■ Entries provided ■
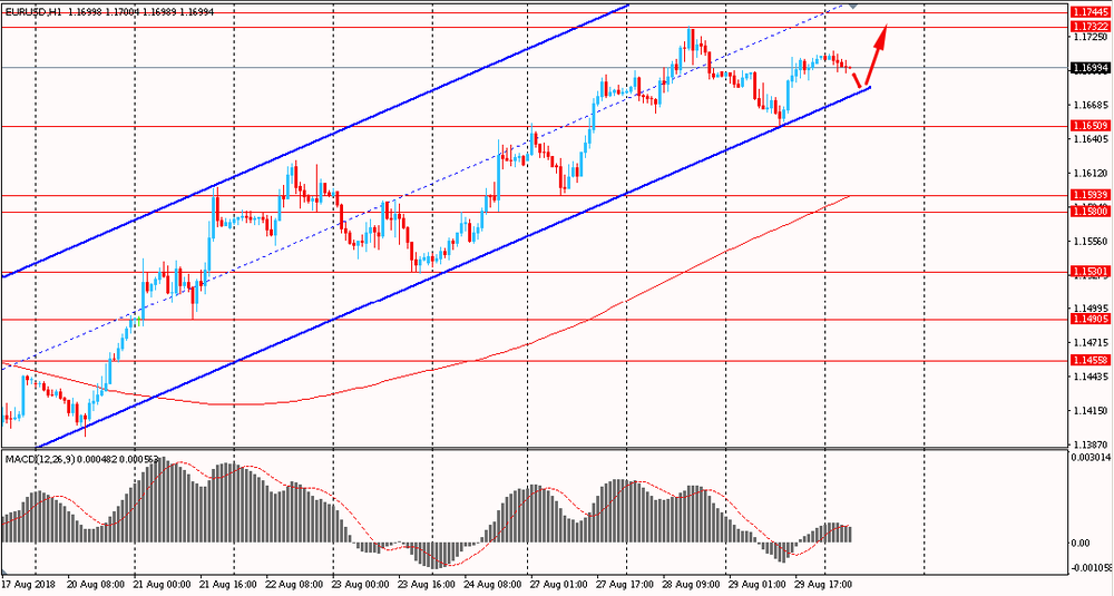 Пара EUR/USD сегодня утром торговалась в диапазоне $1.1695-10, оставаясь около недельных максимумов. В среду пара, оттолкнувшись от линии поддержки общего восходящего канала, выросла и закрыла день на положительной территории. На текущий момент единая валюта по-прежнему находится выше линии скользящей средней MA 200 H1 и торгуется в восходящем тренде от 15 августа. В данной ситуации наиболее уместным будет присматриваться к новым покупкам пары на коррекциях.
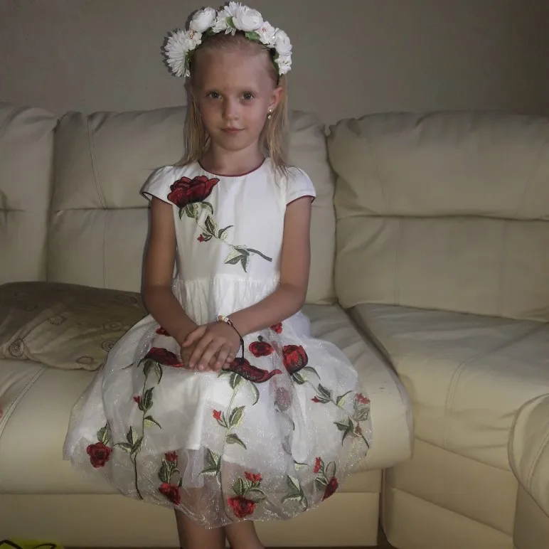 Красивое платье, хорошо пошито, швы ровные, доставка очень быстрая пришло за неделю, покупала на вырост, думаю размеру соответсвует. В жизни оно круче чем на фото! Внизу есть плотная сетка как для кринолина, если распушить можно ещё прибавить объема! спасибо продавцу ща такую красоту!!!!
* * *
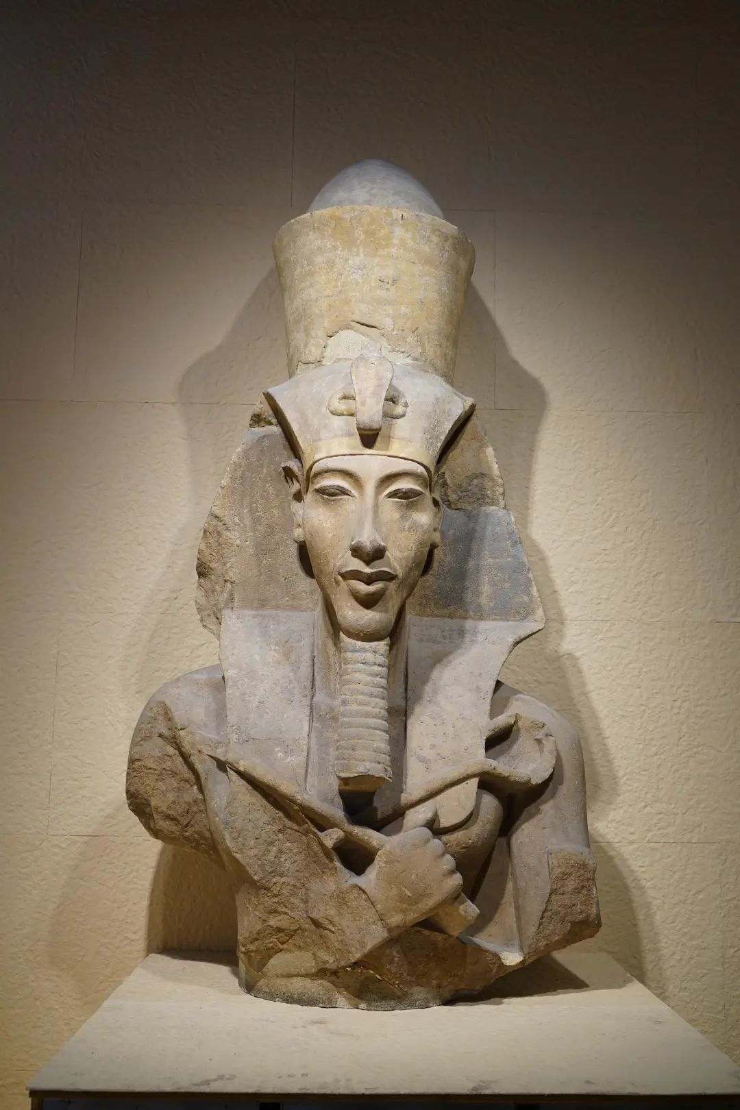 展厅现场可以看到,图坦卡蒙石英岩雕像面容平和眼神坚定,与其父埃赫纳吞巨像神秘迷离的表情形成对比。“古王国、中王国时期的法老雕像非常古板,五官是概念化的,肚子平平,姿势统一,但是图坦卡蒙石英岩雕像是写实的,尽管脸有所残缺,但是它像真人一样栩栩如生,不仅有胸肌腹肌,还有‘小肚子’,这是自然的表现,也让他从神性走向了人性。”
...
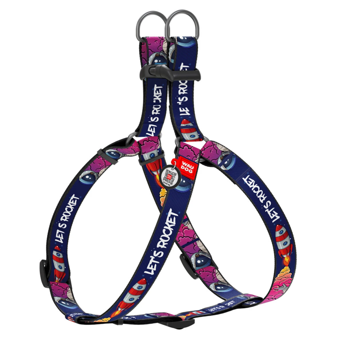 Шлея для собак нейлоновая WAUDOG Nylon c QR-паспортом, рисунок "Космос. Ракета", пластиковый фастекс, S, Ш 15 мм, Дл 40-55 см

■ Task ■
For the entries above, print exactly the lines between the one with "Пара EUR/USD сегодня" and the one with "Красивое платье, хорошо", inclusive, with no pictures.

■ Written answer ■
 Пара EUR/USD сегодня утром торговалась в диапазоне $1.1695-10, оставаясь около недельных максимумов. В среду пара, оттолкнувшись от линии поддержки общего восходящего канала, выросла и закрыла день на положительной территории. На текущий момент единая валюта по-прежнему находится выше линии скользящей средней MA 200 H1 и торгуется в восходящем тренде от 15 августа. В данной ситуации наиболее уместным будет присматриваться к новым покупкам пары на коррекциях.
 Красивое платье, хорошо пошито, швы ровные, доставка очень быстрая пришло за неделю, покупала на вырост, думаю размеру соответсвует. В жизни оно круче чем на фото! Внизу есть плотная сетка как для кринолина, если распушить можно ещё прибавить объема! спасибо продавцу ща такую красоту!!!!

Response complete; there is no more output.